**** DATA SEGMENT ****

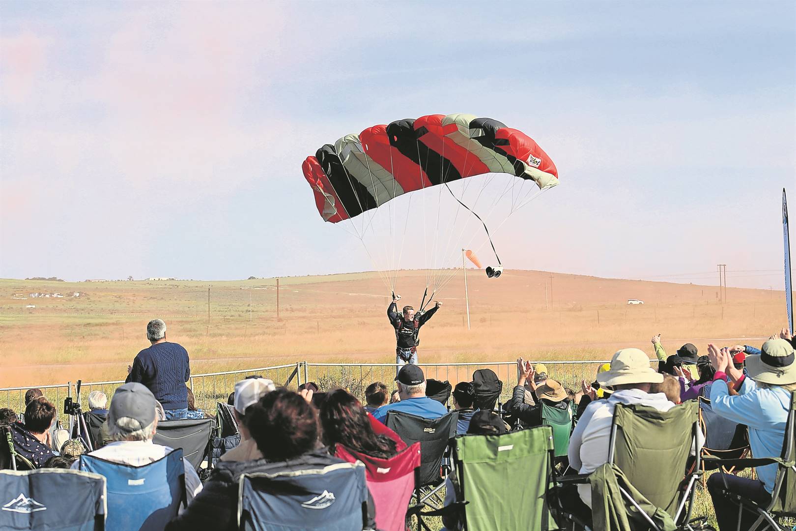 JeanJacques Wallis van Mother City Skydiving land onder toejuiging van die skare by die Saldanha-vliegveld tydens die Saldanha-lugskou wat Saterdag 1 Oktober gehou is. Wallis en sy kollegas wat net een van die vele hoogtepunte op die dag met talle vliegtuie, modelvliegtuie en self wedren-motors (mooi woord vir drags?) wat by die geleentheid te sien was. Meer op bl. 3Foto: Yaël Malgas
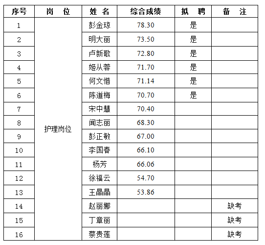 根據(jù)《云南昆鋼醫(yī)院2019年工作人員(非事業(yè)編制)招聘啟事》的相關(guān)安排,經(jīng)過現(xiàn)場(chǎng)報(bào)名、資格審查、筆試、面試、體檢等程序,經(jīng)醫(yī)院招聘人員工作領(lǐng)導(dǎo)小組辦公室審批,現(xiàn)將綜合成績(jī)和擬聘名單公示如下:
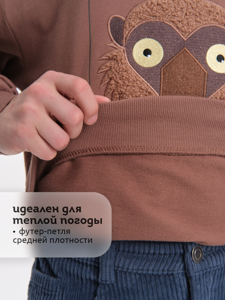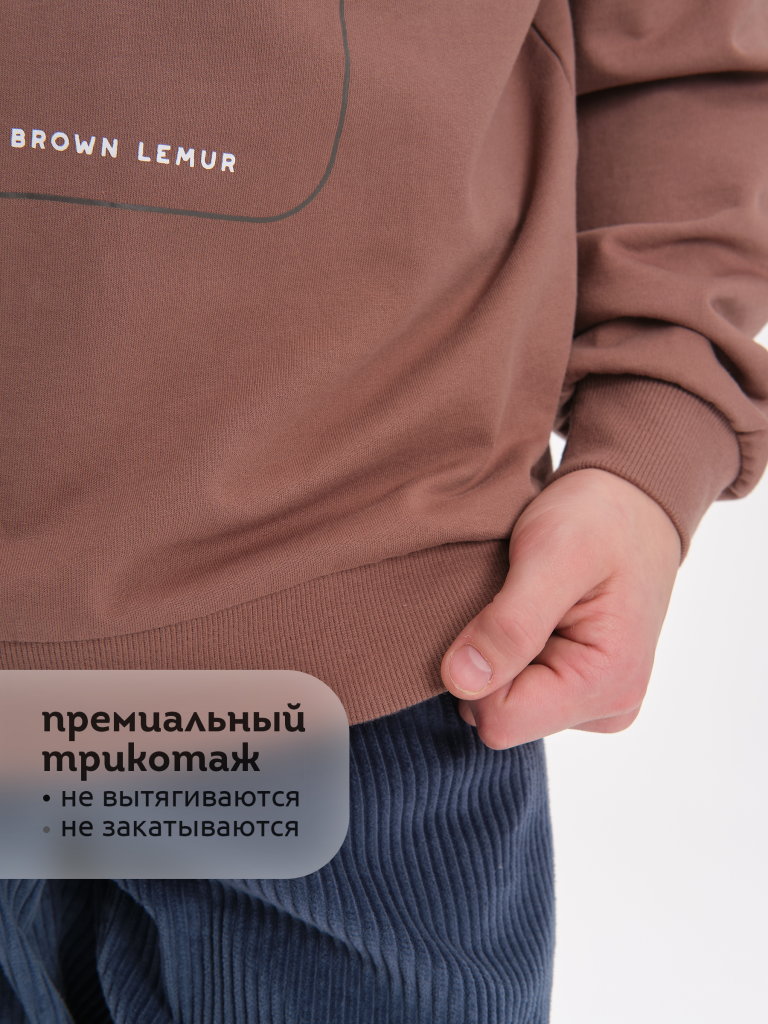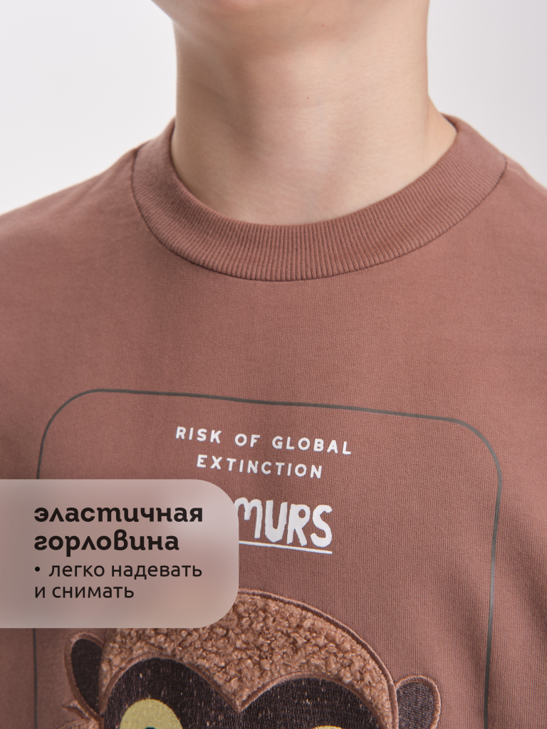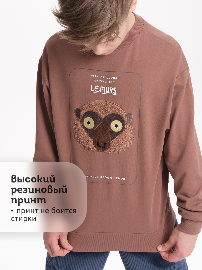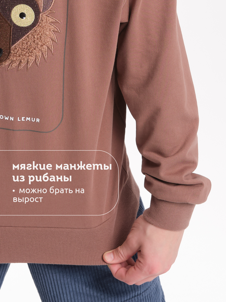 Свитшот без начеса из материала футер-петля. Манжеты и низ изделия из рибаны. Толстовка весенняя украшена аппликацией из бербер-флиса (он же тедди-флис, барашек, чебурашка), а также надписью. Перевод надписи: "risk of the global extinction lemurs" - риск глобального вымирания лемуры, "collared brown lemur" - ошейниковый коричневый лемур. В составе ткани преобладает высококачественый хлопок — спортивная кофта приятна на ощупь и прекрасно пропускает воздух. Тонкую кофту можно носить круглый год. Широкая размерная сетка подойдет как для малыша так и для подростка.
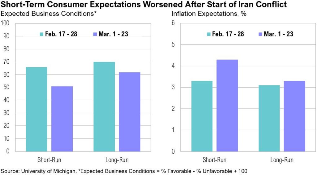 barrel. The U.S. Energy Information Administration (EIA) has projected that the conflict will not extend significantly beyond April.18 Betting market probabilities suggested it will conclude by May 31.19 The EIA expects production shut-ins to peak in April before declining through the second half of the year. Retail fuel prices are expected to normalize, but not until year end.18 The slow normalization of energy prices is often referred to as a “rockets and feathers” effect. For example, fuel prices rise rapidly when crude oil increases, but fall more slowly when it declines. The lag is driven by both physical supply chain mechanics (since it typically takes four to six weeks for crude to be refined, distributed, and sold as gasoline) and retailer behavior.20

****

_WHAT TO PRODUCE_
Leaving out the pictures, output each line above exactly as it is.

_TASK RESULT_
 JeanJacques Wallis van Mother City Skydiving land onder toejuiging van die skare by die Saldanha-vliegveld tydens die Saldanha-lugskou wat Saterdag 1 Oktober gehou is. Wallis en sy kollegas wat net een van die vele hoogtepunte op die dag met talle vliegtuie, modelvliegtuie en self wedren-motors (mooi woord vir drags?) wat by die geleentheid te sien was. Meer op bl. 3Foto: Yaël Malgas
 根據(jù)《云南昆鋼醫(yī)院2019年工作人員(非事業(yè)編制)招聘啟事》的相關(guān)安排,經(jīng)過現(xiàn)場(chǎng)報(bào)名、資格審查、筆試、面試、體檢等程序,經(jīng)醫(yī)院招聘人員工作領(lǐng)導(dǎo)小組辦公室審批,現(xiàn)將綜合成績(jī)和擬聘名單公示如下:
 Свитшот без начеса из материала футер-петля. Манжеты и низ изделия из рибаны. Толстовка весенняя украшена аппликацией из бербер-флиса (он же тедди-флис, барашек, чебурашка), а также надписью. Перевод надписи: "risk of the global extinction lemurs" - риск глобального вымирания лемуры, "collared brown lemur" - ошейниковый коричневый лемур. В составе ткани преобладает высококачественый хлопок — спортивная кофта приятна на ощупь и прекрасно пропускает воздух. Тонкую кофту можно носить круглый год. Широкая размерная сетка подойдет как для малыша так и для подростка.
 barrel. The U.S. Energy Information Administration (EIA) has projected that the conflict will not extend significantly beyond April.18 Betting market probabilities suggested it will conclude by May 31.19 The EIA expects production shut-ins to peak in April before declining through the second half of the year. Retail fuel prices are expected to normalize, but not until year end.18 The slow normalization of energy prices is often referred to as a “rockets and feathers” effect. For example, fuel prices rise rapidly when crude oil increases, but fall more slowly when it declines. The lag is driven by both physical supply chain mechanics (since it typically takes four to six weeks for crude to be refined, distributed, and sold as gasoline) and retailer behavior.20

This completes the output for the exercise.